Letter to Josh Doody: On Building a Luxury Business and Learning the Business and the Craft
Hi Josh,
I originally started writing this as an email reply to your email newsletter. But I’ve been enjoying writing public letters lately, so I thought: why not make this one public too.
I also want to share your 2025 Year in Review with a few friends who are building coaching and education businesses, and a public letter felt like a good way to do that.
First: thank you for sharing so openly and thoughtfully about your journey. I run a DWY business, helping skilled immigrants land jobs in Germany, and I’m in Year 2 of your 10-year arc so far.

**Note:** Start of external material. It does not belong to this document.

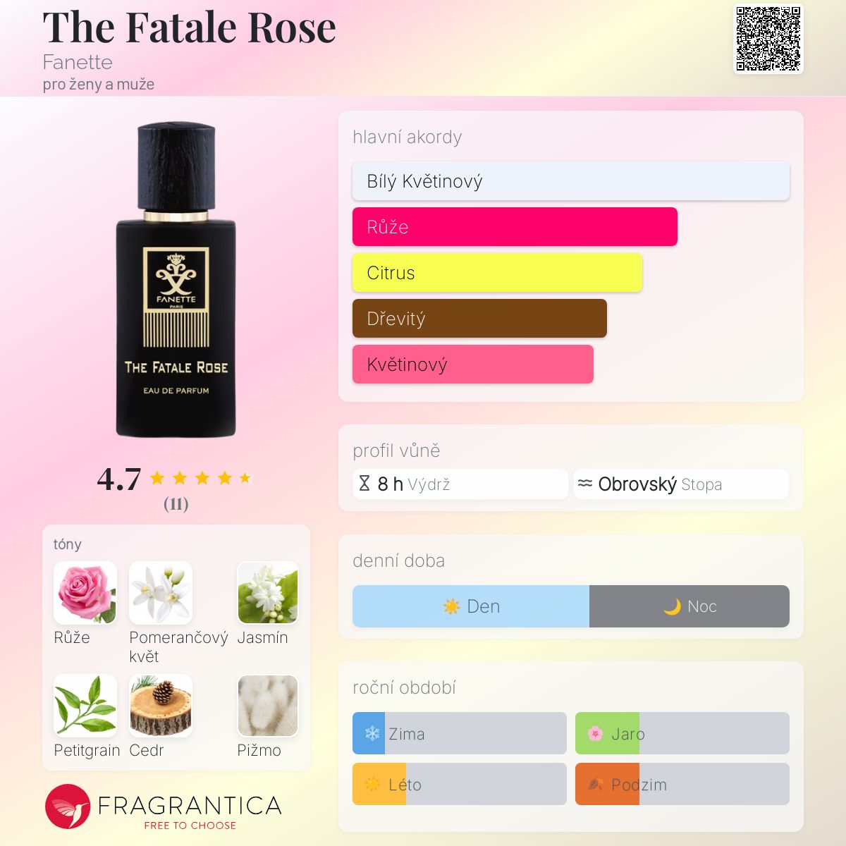 The Fatale Rose podle Fanette je Floral Woody Musk vůně pro ženy a muže. The Fatale Rose byl/a uveden/a v roce 2016. Vrchní tón je Mandarinkový list ; střední tóny jsouFrancouzská růže, Pomerančový květ a Jasmín ; základní tóny jsou Cedr a Pižmo.

Getting to learn from your lived experience is such a gift.
Your reflections on shifting toward a luxury model especially caught my attention.
You mentioned two possible book ideas, and you asked for reactions… So here’s mine.
The luxury business book is the more interesting idea for sure, but it’s also complicated.
I run a DWY business. Part of me feels like I “can’t” go luxury for two reasons:
- I’ve never personally held a role more senior than a first-line manager, so I question whether I can even help someone land more senior roles, such as Director- or VP-level roles (my version of ‘luxury’).
- Like you, I love helping people build skills and capability, not just delivering outcomes. I sometimes worry that going luxury could pull me toward building a business that makes money, but isn’t one I’m proud of.
So your transition raised a few questions that I’d love your perspective on:
- What made you choose the luxury path instead of going the other direction, i.e. low-cost, high-volume info products?
- How did you learn how to negotiate packages far larger than what you’d personally negotiated?
- How did you balance learning the craft with building the business?
As an early-stage founder, I often feel like I’m learning two hard things at once:
- how to build a real business, and
- how to get meaningfully better at helping my clients succeed.
Anyway: thank you again for writing such a candid and generous review. I found it very helpful both from a business and personal perspective.